GithubHelp home page GithubHelp logo

Comments (8)

pavelkumbrasev avatar pavelkumbrasev commented on September 27, 2024

Hi @blonded04,
Sorry I didn't understand your question.
What is the problem you highlighted in gdb?

from onetbb.

blonded04 avatar blonded04 commented on September 27, 2024

Hi @blonded04, Sorry I didn't understand your question. What is the problem you highlighted in gdb?

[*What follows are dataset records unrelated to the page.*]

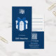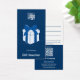 · Lower half: Blue background with white text, featuring a "Schedule!" CTA, customisable QR code, and the company's name, physical address, and virtual contact details.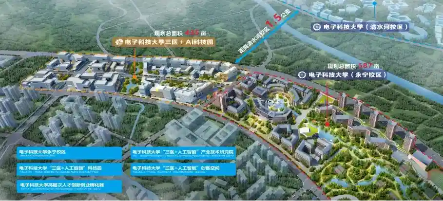 永宁校区距离清水河校区约1.5km,将致力于信息医学、生命与人工智能等交叉领域的人才培养和科学研究。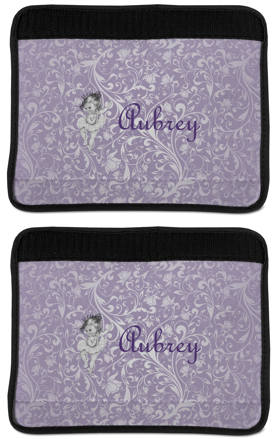 Made from neoprene, our seat belt strap covers wrap around the belt itself and have a Velcro tab for easy attachment and closure. The belt's edges are trimmed with a black polyester for a secure finish. Each cover is 9.5 by 7 inches when open and 9.5 by 2.5 inches when closed. We print your personalized design on the face of the seat belt pad.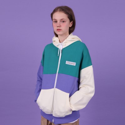 Color block hoodie zipup-emerald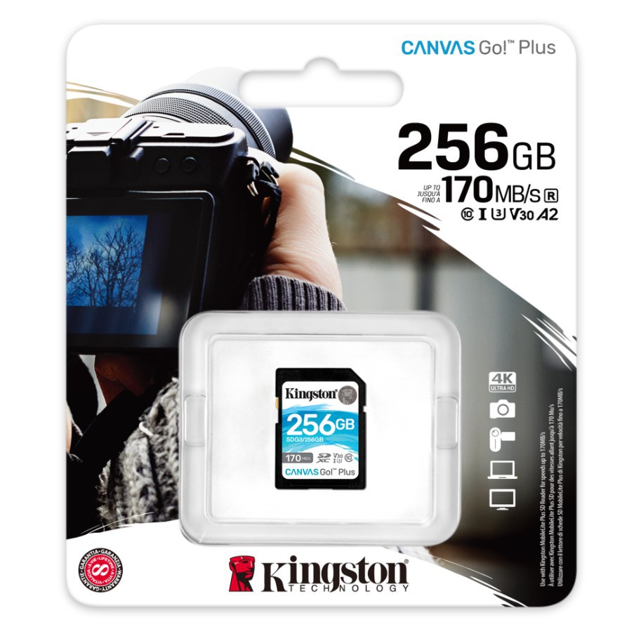 Thẻ nhớ Kingston Canvas Go Plus SD 256GB cho thiết bị di động Android, camera, flycam và sản xuất video 4K SDG3/256G

I get segfaults on that line :(

new (&ctx.my_cpu_ctl_env) d1::cpu_ctl_env(*src_ctl);

Probably something wrong with ctx.my_cpu_ctl_env (null potentially?) or with src_ctl.

from onetbb.

pavelkumbrasev avatar pavelkumbrasev commented on September 27, 2024

It hard to say what went wrong. Could you provide reproducer?

from onetbb.

blonded04 avatar blonded04 commented on September 27, 2024

Sorry, it took a while, however the smallest reproducer I got problems with task_group_context is 65 lines of diff to TBB (Ubuntu, Ryzen 5500u).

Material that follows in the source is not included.